Proposed research sets to collect pilot data to examine how the proposed neural, psychophysiological and subjective markers measured before, during, and after treatment change over the course of Prolonged Exposure (PE) therapy for posttraumatic stress disorder (PTSD). Fifty participants will be screened with the goal of obtaining 15 participants to complete the study. Participants will complete ten 60-minute sessions of PE. During each PE session, participants will be outfitted with a NINscan device to record psychophysiological measures including skin conductance, heart rate, and facial EMG, as well as neural measures of LPFC activity. Multimodal assessment batteries will be scheduled to take place at pre-treatment, mid-treatment (i.e., post session 5), post-treatment (i.e., post-session 10), and at 1-month follow-up. These sessions will include a battery of self-report measures, clinician-administered diagnostic interviews, and script-driven imagery (SDI) procedures with physiologic and neural recordings. The primary outcome measure will be PTSD symptom change on the CAPS-5 and the secondary outcome measures will be a) change in self-reported symptom severity, b) premature treatment dropout, and c) change in psychophysiological reactivity and LPFC activity during the SDI procedures. This proposed research will inform theoretical models of exposure therapy efficacy, with the goal of enhancing prolonged exposure therapy.

Study Timeline

• Study First Submitted: 2022-11-22
• Study First Submitted QC: 2022-12-21
• Study First Posted: 2022-12-23
• Study Start: 2024-01-01
• Status Verified: 2025-04
• Last Update Submitted: 2025-04-04
• Last Update Posted: 2025-04-08
• Primary Completion: 2027-01-01
• Study Completion: 2027-01-01

Recruitment & Eligibility

• Status: RECRUITING
• Sex: All
• Target Recruitment: 50

Inclusion Criteria

1. a diagnosis of PTSD as defined by DSM-5 (as indicated by meeting diagnostic criteria on the CAPS-5)
2. interest in starting PE (as indicated during the informed consent process)
3. Veteran

Exclusion Criteria

1. Current or past history of schizophrenic or other psychotic disorders,
2. Untreated Bipolar Disorder or a history of a manic/mixed episode within the last 6 months,
3. Severe traumatic brain injury,
4. Major neurological problems,
5. Current substance use disorder,
6. Active risk to self or others,
7. Current participation in cognitive-behavioral therapy,
8. Previously received > 2 sessions of Prolonged Exposure, and
9. Having no memory of their traumatic event.
10. For participants who are currently prescribed psychotropic medication, they will be eligible for the study provided medication use has been stable for 2 months prior to enrollment and remains stable throughout participation

Study & Design

• Study Type: INTERVENTIONAL
• Study Design: SINGLE_GROUP

Arm && Interventions

Group	Intervention	Description
Prolonged Exposure Therapy for Posttraumatic Stress Disorder	Prolonged Exposure Therapy for Posttraumatic Stress Disorder	15 participants who meet study inclusion/exclusion criteria will be individually administered a full course of PE during 10, 60 minute-sessions, with independent multimodal assessment batteries administered at pre-treatment, mid-treatment (post session 5), post-treatment, and a 1-month follow-up.

Primary Outcome Measures

Name	Time	Method
Change from baseline in Clinician Administered PTSD Scale for DSM-5 (CAPS-5)	Given during screening session, pre-treatment, mid-treatment (post session 5 in week 5 of treatment), post-treatment (post session 10 in week 10 of treatment), and at 1-month follow up.	The primary clinical outcome, CAPS-5, is the gold standard clinical interview for assessing PTSD severity. In CAPS-5, each of the 20 symptoms of PTSD is rated on a 5-point severity scale ranging from 0 (absent) to 4 (extreme). Total scores range from 0 to 80.

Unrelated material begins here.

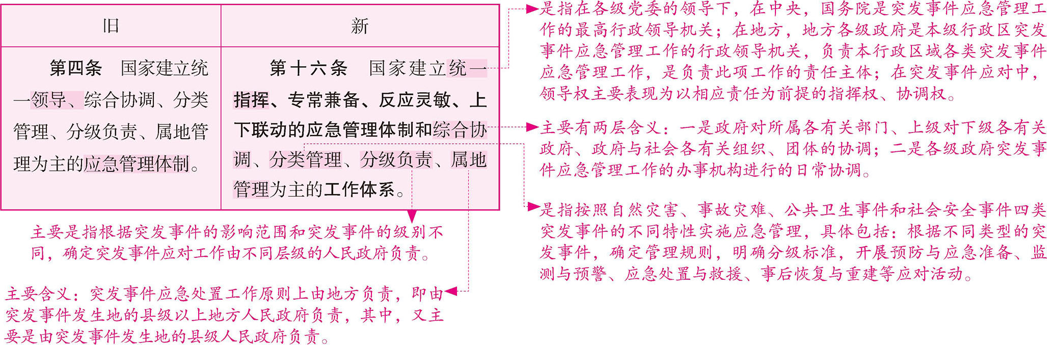 本条进一步明确我国应急管理体制和工作体系,以满足现代化突发事件应对工作的需要。

Secondary Outcome Measures

Name	Time	Method
Prefrontal cortical activity during script-driven imagery (SDI)	Given during screening session, pre-treatment, mid-treatment (post session 5 in week 5 of treatment), post-treatment (post session 10 in week 10 of treatment), and at 1-month follow up.	Prefrontal cortical (PFC) activity will be monitored during SDI procedures using NINscan portable brain and physiologic monitoring system via near infrared spectroscopy (NIRS) of the medial and lateral PFC. NIRS yields concentrations of oxygenated (oxyHb) and deoxygenated (deoxyHb) hemoglobin that can be used to assess cortical activation. Various portions of PFC (e.g. Brodmann areas 10, 46, 44, 45 and 47) have been shown to activate and/or deactivate during script-driven imagery (SDI) of an index trauma in persons with PTSD and to be associated with better PE outcome. NIRS data will be converted to quantitative oxy-Hb, deoxy-Hb, and total-Hb using the modified Beer-Lambert law. Changes in quantitative hemodynamic measure (oxy-Hb, deoxy-Hb, total-Hb) will be compared between 30 s of trauma-related SDI and their baseline epochs (30 s of silence preceding the respective script).
Change in electrocardiography (ECG) and heart rate variability (HRV) during script driven imagery (SDI)	Given during screening session, pre-treatment, mid-treatment (post session 5 in week 5 of treatment), post-treatment (post session 10 in week 10 of treatment), and at 1-month follow up.	ECG will be monitored during SDI procedures using NINscan portable brain and physiologic monitoring system. ECG will be collected continuously and the relative change calculated by subtracting the average ECG level for the 5 seconds immediately preceding SDI onset from the maximum level within 1 to 5 seconds after SDI onset. Heart rate variability (HRV) will be calculated form 5-minute epochs during baseline, calculating the standard deviation of all NN intervals, and comparing them to 5-minute intervals after onset of SDI. The ECG and HRV signals will be assessed individually and also in combination using posterior probability scores. Changes in ECG and HRV have been shown to indicate differential sympathetic reactivity in persons with PTSD versus controls.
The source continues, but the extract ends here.